Obviously something goes wrong here, but it’s hard to tell what’s causing it. Do all the intrinsics remain in the code until the selection DAG is created? Do they show up in the initial SDAG? You can dump the SDAG with -debug-only=isel. If the intrinsics disappear somewhere during the SDAG processing, it could hint at what the problem may be. In that case, could you show the SDAG before and after the intrinsics disappear?

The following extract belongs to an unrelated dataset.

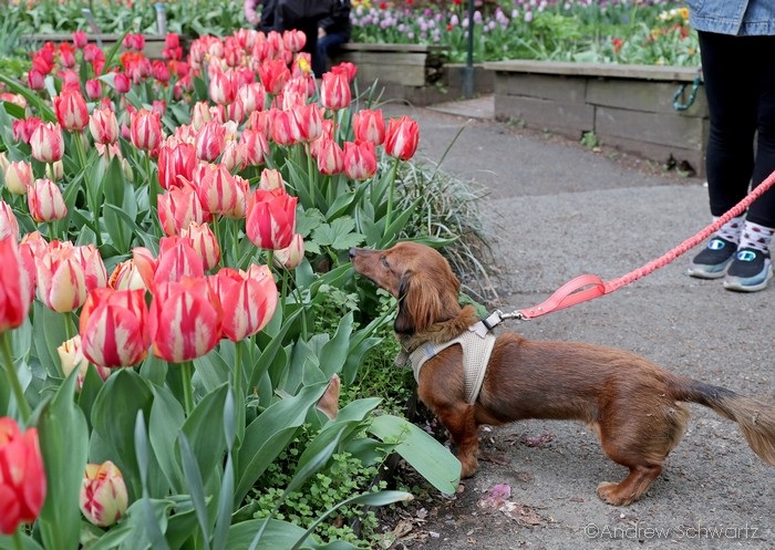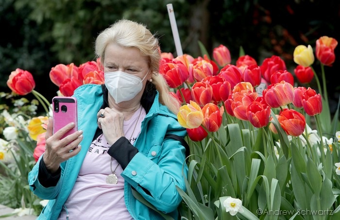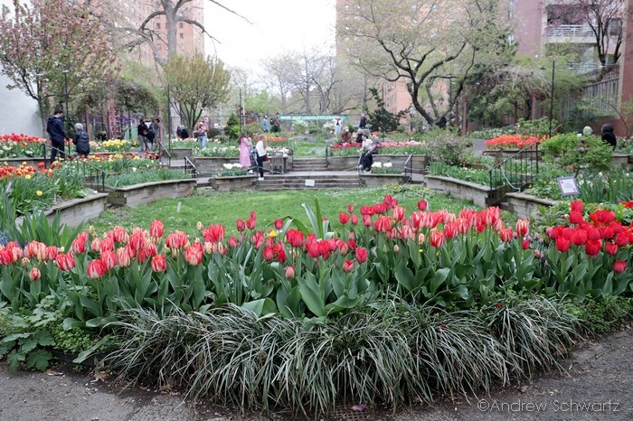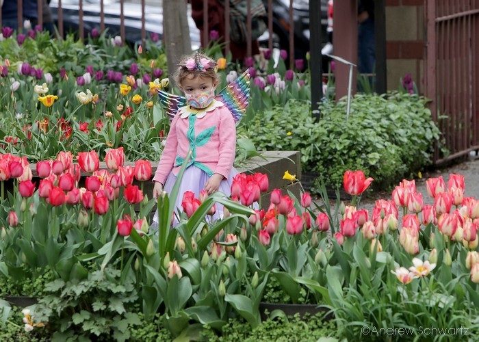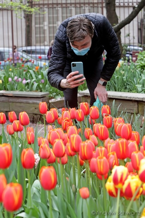 Children and adults attends the West Side Community Garden’s 2021 Tulip Festival on West 89th Street in Manhattan NY on April 18, 2021. The annual festival features close to 100 varieties of tulips of all shapes and sizes in full bloom inside the garden on the upper west side of Manhattan.

Here is the output of the last three steps of the debug. What I am trying to create is an instruction that is treated similar to fences during compilation

===== Instruction selection begins: %bb.0 ‘’

ISEL: Starting selection on root node: t15: ch = RISCVISD::RET_GLUE t14, Register:i64 $x10, t14:1
ISEL: Starting pattern match
  Morphed node: t15: ch = PseudoRET Register:i64 $x10, t14, t14:1
ISEL: Match complete!

ISEL: Starting selection on root node: t14: ch,glue = CopyToReg t10:1, Register:i64 $x10, Constant:i64<0>

ISEL: Starting selection on root node: t10: i64,ch = llvm.test t7:1, TargetConstant:i64<292>, Constant:i64<6>, Constant:i64<7>

ISEL: Starting selection on root node: t7: i64,ch = llvm.test t4:1, TargetConstant:i64<292>, Constant:i64<3>, Constant:i64<4>

ISEL: Starting selection on root node: t4: i64,ch = llvm.test t0, TargetConstant:i64<292>, Constant:i64<1>, Constant:i64<2>

ISEL: Starting selection on root node: t13: i64 = Register $x10

ISEL: Starting selection on root node: t12: i64 = Constant<0>

ISEL: Starting selection on root node: t9: i64 = Constant<7>

ISEL: Starting selection on root node: t8: i64 = Constant<6>

ISEL: Starting selection on root node: t6: i64 = Constant<4>

ISEL: Starting selection on root node: t5: i64 = Constant<3>

ISEL: Starting selection on root node: t3: i64 = Constant<2>

ISEL: Starting selection on root node: t2: i64 = Constant<1>

ISEL: Starting selection on root node: t1: i64 = TargetConstant<292>

ISEL: Starting selection on root node: t0: ch,glue = EntryToken

===== Instruction selection ends:

Selected selection DAG: %bb.0 'main:'
SelectionDAG has 25 nodes:
  t0: ch,glue = EntryToken
  t4: i64,ch = llvm.test t0, TargetConstant:i64<292>, t32, t30
    t18: i64,ch = G_TEST t32, t30
  t7: i64,ch = llvm.test t18:1, TargetConstant:i64<292>, t28, t26
    t17: i64,ch = G_TEST t28, t26
  t10: i64,ch = llvm.test t17:1, TargetConstant:i64<292>, t24, t22
    t16: i64,ch = G_TEST t24, t22
    t20: i64,ch = CopyFromReg t0, Register:i64 $x0
  t14: ch,glue = CopyToReg t16:1, Register:i64 $x10, t20
  t22: i64 = ADDI Register:i64 $x0, TargetConstant:i64<7>
  t24: i64 = ADDI Register:i64 $x0, TargetConstant:i64<6>
  t26: i64 = ADDI Register:i64 $x0, TargetConstant:i64<4>
  t28: i64 = ADDI Register:i64 $x0, TargetConstant:i64<3>
  t30: i64 = ADDI Register:i64 $x0, TargetConstant:i64<2>
  t32: i64 = ADDI Register:i64 $x0, TargetConstant:i64<1>
  t15: ch = PseudoRET Register:i64 $x10, t14, t14:1

Total amount of phi nodes to update: 0
*** MachineFunction at end of ISel ***

Machine code for function main: IsSSA, TracksLiveness

bb.0 (%ir-block.0):
  %0:gpr = ADDI $x0, 7
  %1:gpr = ADDI $x0, 6
  %2:gpr = G_TEST %1:gpr, %0:gpr
  %3:gpr = COPY $x0
  $x10 = COPY %3:gpr
  PseudoRET implicit $x10

End machine code for function main.

The issue was that I was not adding the operand, which was supposed to point to the next node( instruction) in the DAG.